== Your task ==
Repeat the data word for word. Do not include the pictures.

== Given data ==
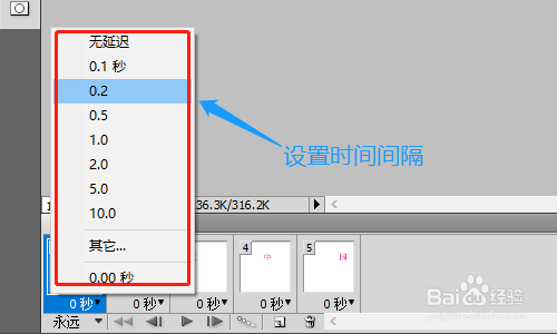 按照同样的方式,选中第三帧的时辰,将右侧图层的"爱"和"布景"图层可见,其余图层去失落小眼睛...依次方式类推,将四帧和对应的四个图层做一一对应的设置;接下来就是给每帧之间设置时候距离了...
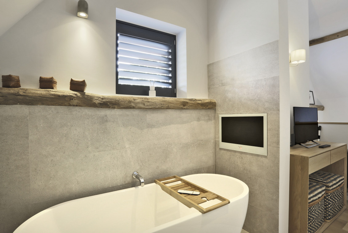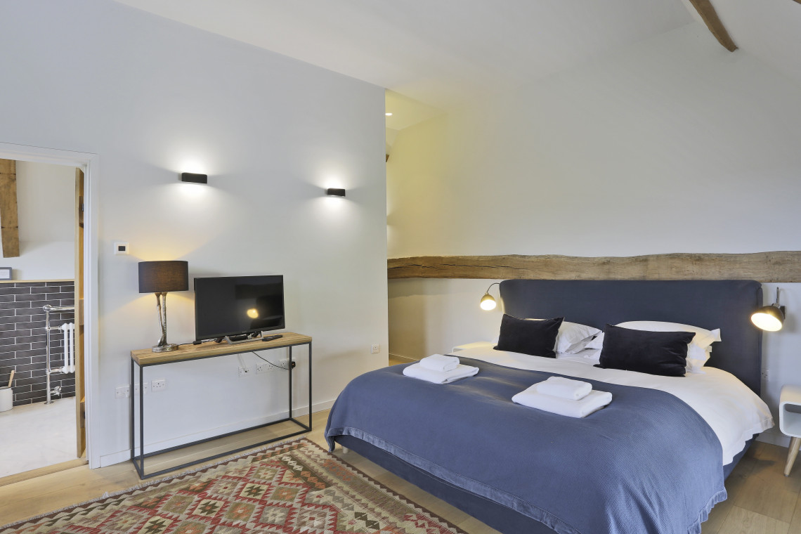 Bedroom 4: super king bed, bedside tables, lamps, TV, chest of drawers, wardrobe and dressing area, wooden floors, rugs, ensuite bathroom with freestanding bath with TV adjacent, WC, hand basin, shaver point and shower cubicle.
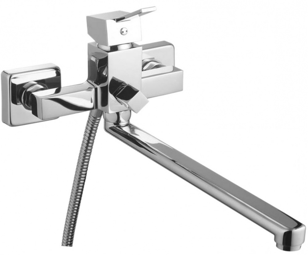 "Старк" смеситель для ванны, излив 300мм, переключатель с керамическими пластинами, картридж 35мм, с аксессуарами, хром ZENTA

== Result of this task ==
 按照同样的方式,选中第三帧的时辰,将右侧图层的"爱"和"布景"图层可见,其余图层去失落小眼睛...依次方式类推,将四帧和对应的四个图层做一一对应的设置;接下来就是给每帧之间设置时候距离了...
 Bedroom 4: super king bed, bedside tables, lamps, TV, chest of drawers, wardrobe and dressing area, wooden floors, rugs, ensuite bathroom with freestanding bath with TV adjacent, WC, hand basin, shaver point and shower cubicle.
 "Старк" смеситель для ванны, излив 300мм, переключатель с керамическими пластинами, картридж 35мм, с аксессуарами, хром ZENTA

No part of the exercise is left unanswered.